StarTHE KENNETH HUDSON AWARD FOR INSTITUTIONAL COURAGE AND PROFESSIONAL INTEGRITY 2022

Coloniality and decolonization, restitution, reparation and repatriation were core issues shaping the public discourse around museums in 2021. Mere tips of the icebergs of colonial and imperialist power, museum collections are nonetheless significant, on both sides of the colonial divides, as highly visible and tangible commemorations of an epoch of European glory and global dominance.

The Kenneth Hudson Award 2022 is given jointly to four individuals, who as scholars and as museum directors actively contribute towards developing a new, global ethics for museums. With a good deal of personal courage, they have welcomed these highly contested and politicized questions and embedded them solidly in their museum practices, giving space for and voice to points of view that have been continuously and systematically denied. The European Museum Forum is of course aware that behind, beside and with these four individuals stand a multitude of others, not least in other continents and in the diasporic communities in Europe, but also in other European museums.
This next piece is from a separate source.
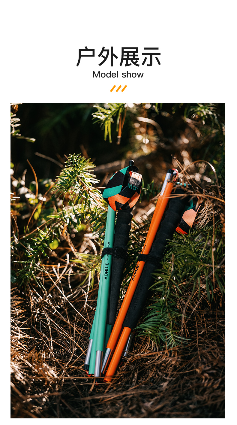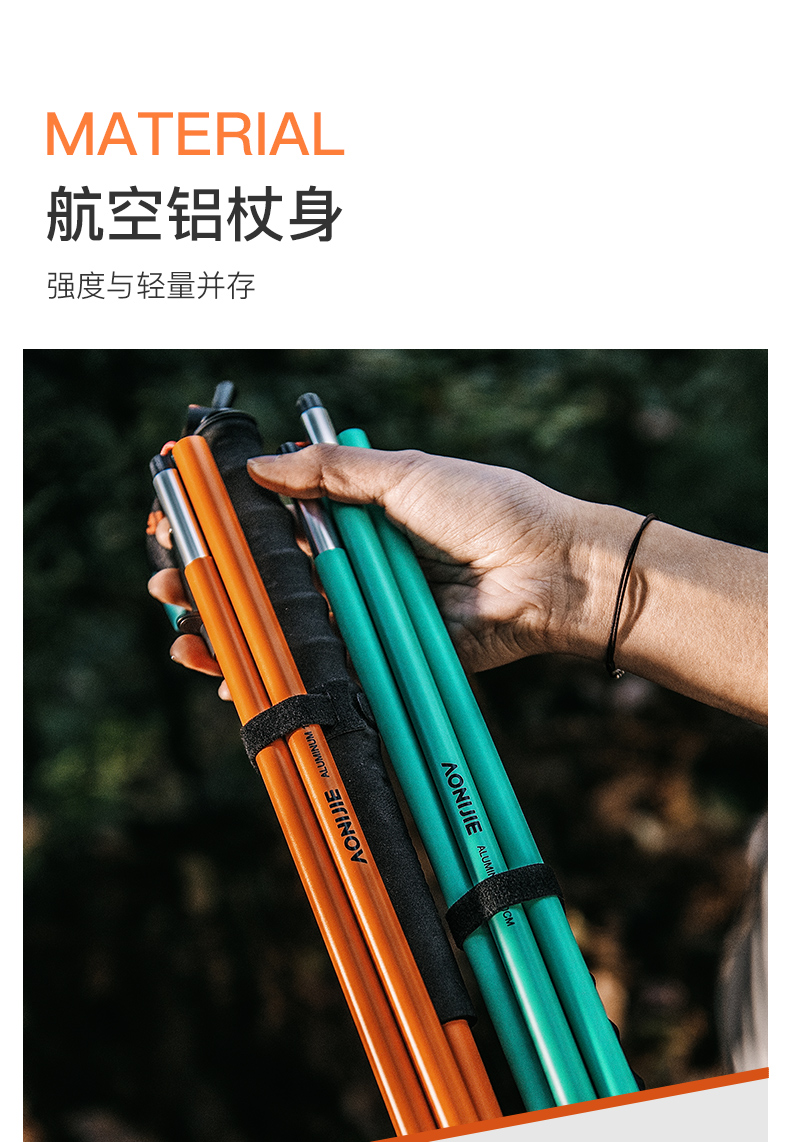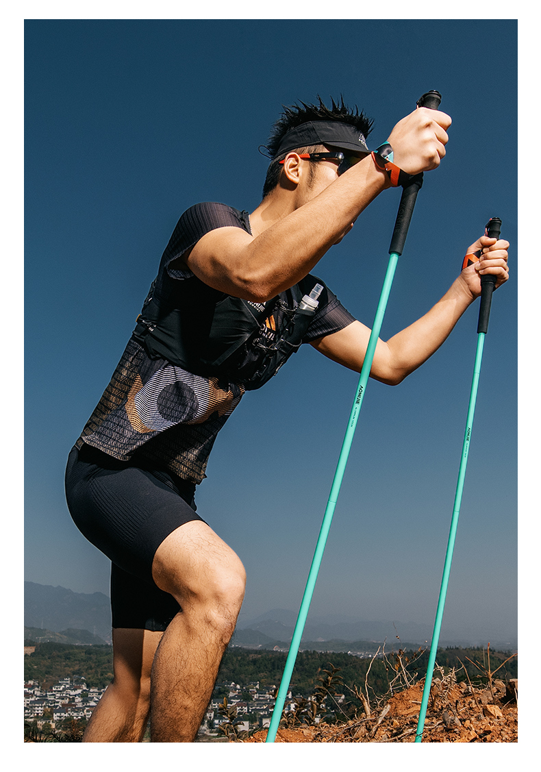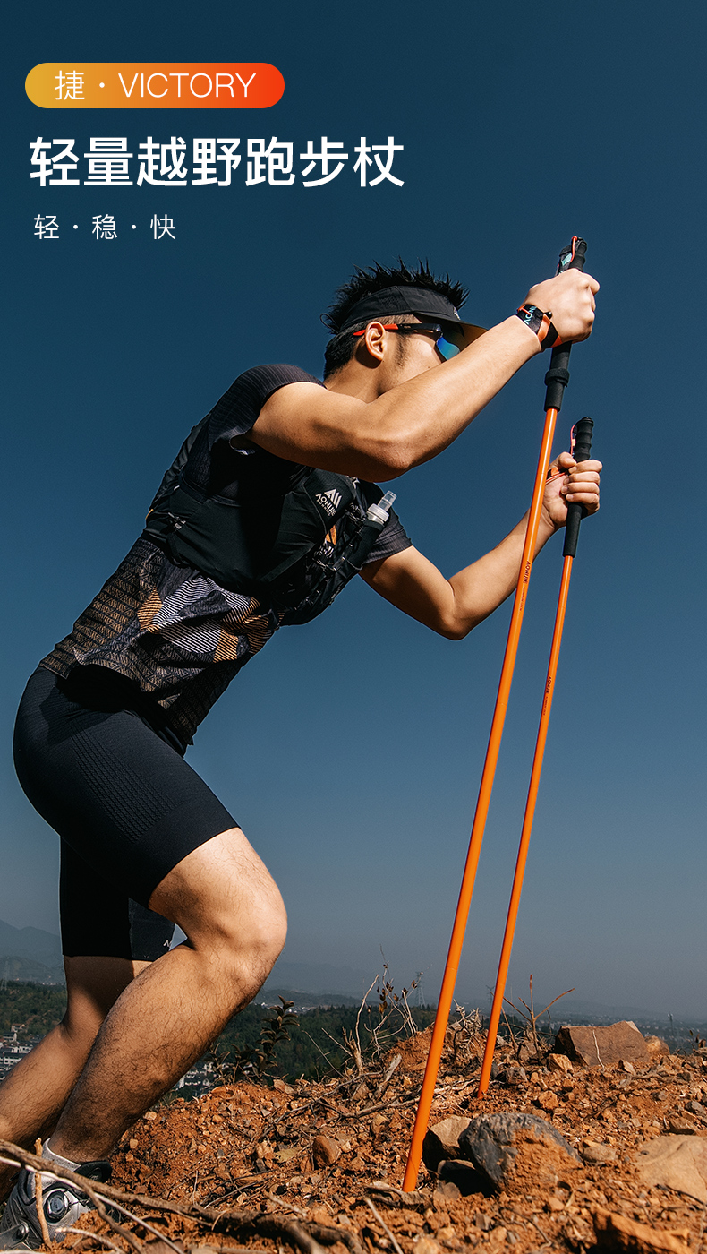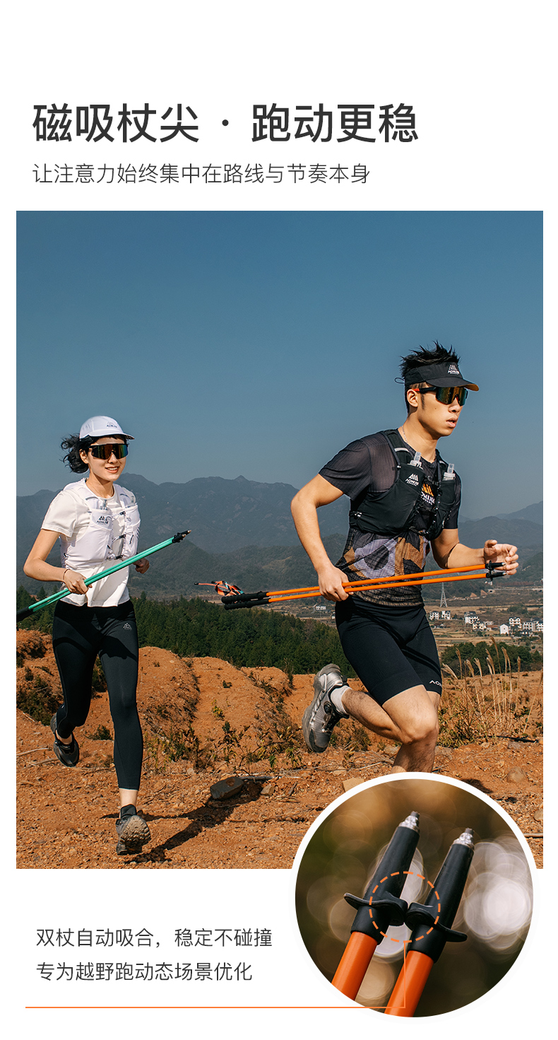 奥尼捷越野跑步登山杖铝合金跑步杖徒步杖纯色轻量化磁吸杖尖越野跑步杖 一对装
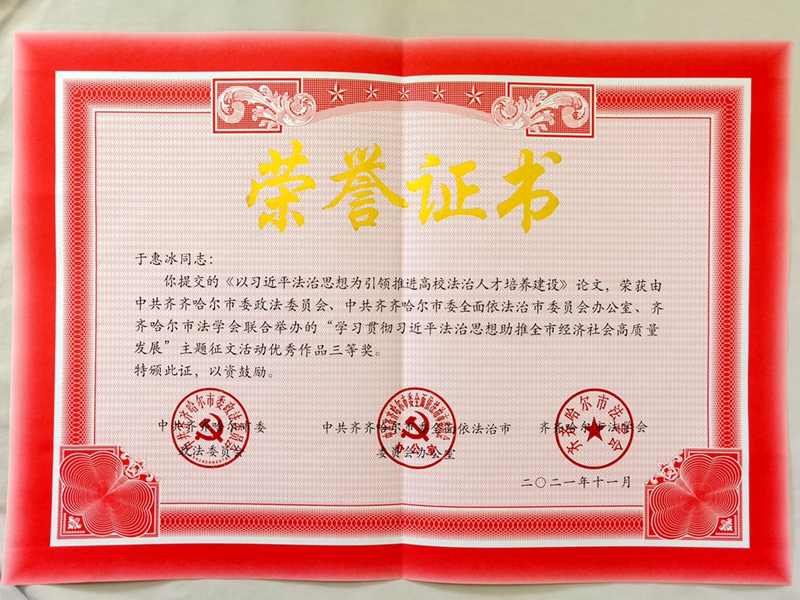 學思踐悟,細照篤行。學校黨委高度重視學習宣傳貫徹習近平法治思想。習近平法治思想是馬克思主義法治理論同中國實際相結合的最新成果,是21世紀馬克思主義法治思想,是習近平新時代中國特色社會主義思想的重要組成部分,是全面依法治國的根本遵循和行動指南,深刻回答了為什么要全面依法治國、怎樣全面依法治國這個重大時代課題。校、院兩級黨委將習近平法治思想的學習納入黨委理論學習中心組學習計劃、納入教職工政治理論學習計劃,組織廣大師生員工充分利用“學習強國”“黑龍江教育干部網(wǎng)絡學院”等網(wǎng)絡平臺等多種形式,學深悟透習近平法治思想,深刻領會其重大意義、精神實質、實踐要求,學懂弄通《法治中國建設規(guī)劃(2020—2025年)》把習近平法治思想融入教學體系。自2021年9月開始,將“習近平法治思想概論”納入了2021級法學專業(yè)基礎必修課,做好進教材、進課堂、進頭腦工作。加強習近平法治思想的理論研究和闡釋,發(fā)表《論習近平法治思想的實踐論核心內涵》等論文;在齊齊哈爾市“學習貫徹習近平法治思想”主題征文活動中,我校師生榮獲一等獎、三等獎各1篇。推動習近平法治思想入腦入心、走深走實,不斷增強法治意識,提高法治能力水平。

So let the bestowal of this Kenneth Hudson Award be symbolic and emblematic.

As Director of Content for the Dutch National Museum of World Cultures and Founding Director of the Research Centre for Material Culture, National Museum of World Cultures, Wayne Modest is a globally leading voice in exploring, always with exquisite subtlety, the complexity of colonial entanglement in museums, in initiating multifaceted dialogues and multilayered analyses, and in developing paradigms of decolonization as positive, re-vitalizing and re-energizing concepts and processes, which can, potentially, drive alternative futures for museum policies and epistemologies and change the shape of museum research, museum collections and their care.

With the exhibition RESIST! The art of resistance, in 2021, the Rautenstrauch-Joest-Museum, under Director Nanette Snoep, placed the issue of the battle for recognition of colonial wars and trauma as well as for restitution, reparation and justice within a historic context. RESIST! was rooted in co-authorship and cocuratorship with artists, scholars and activists from the Global South as well as from the diaspora, and created a polyphonic platform for solidarity, critical discussions and dialogue. The active and lasting networks thus built with different communities and stakeholders will have a crucial influence in the reinvention of the so-called ethnographic museum.

The Pitt Rivers Museum, under Director Laura van Broekhoven, continued its brave and transparent institutional self-reflection in 2021. This takes place within traditional academic research and publications, as well as in series of projects and events where people with a primary relationship and claim to particular collections can encounter these objects in the museum, to liberate them from the oppressive metalanguage, through which they have been collected, classified, and narrated. Systematically questioning and de-legitimizing the supremacist history of ethnographic collecting, the museum facilitates, generates and conveys alternative interpretative models and frameworks.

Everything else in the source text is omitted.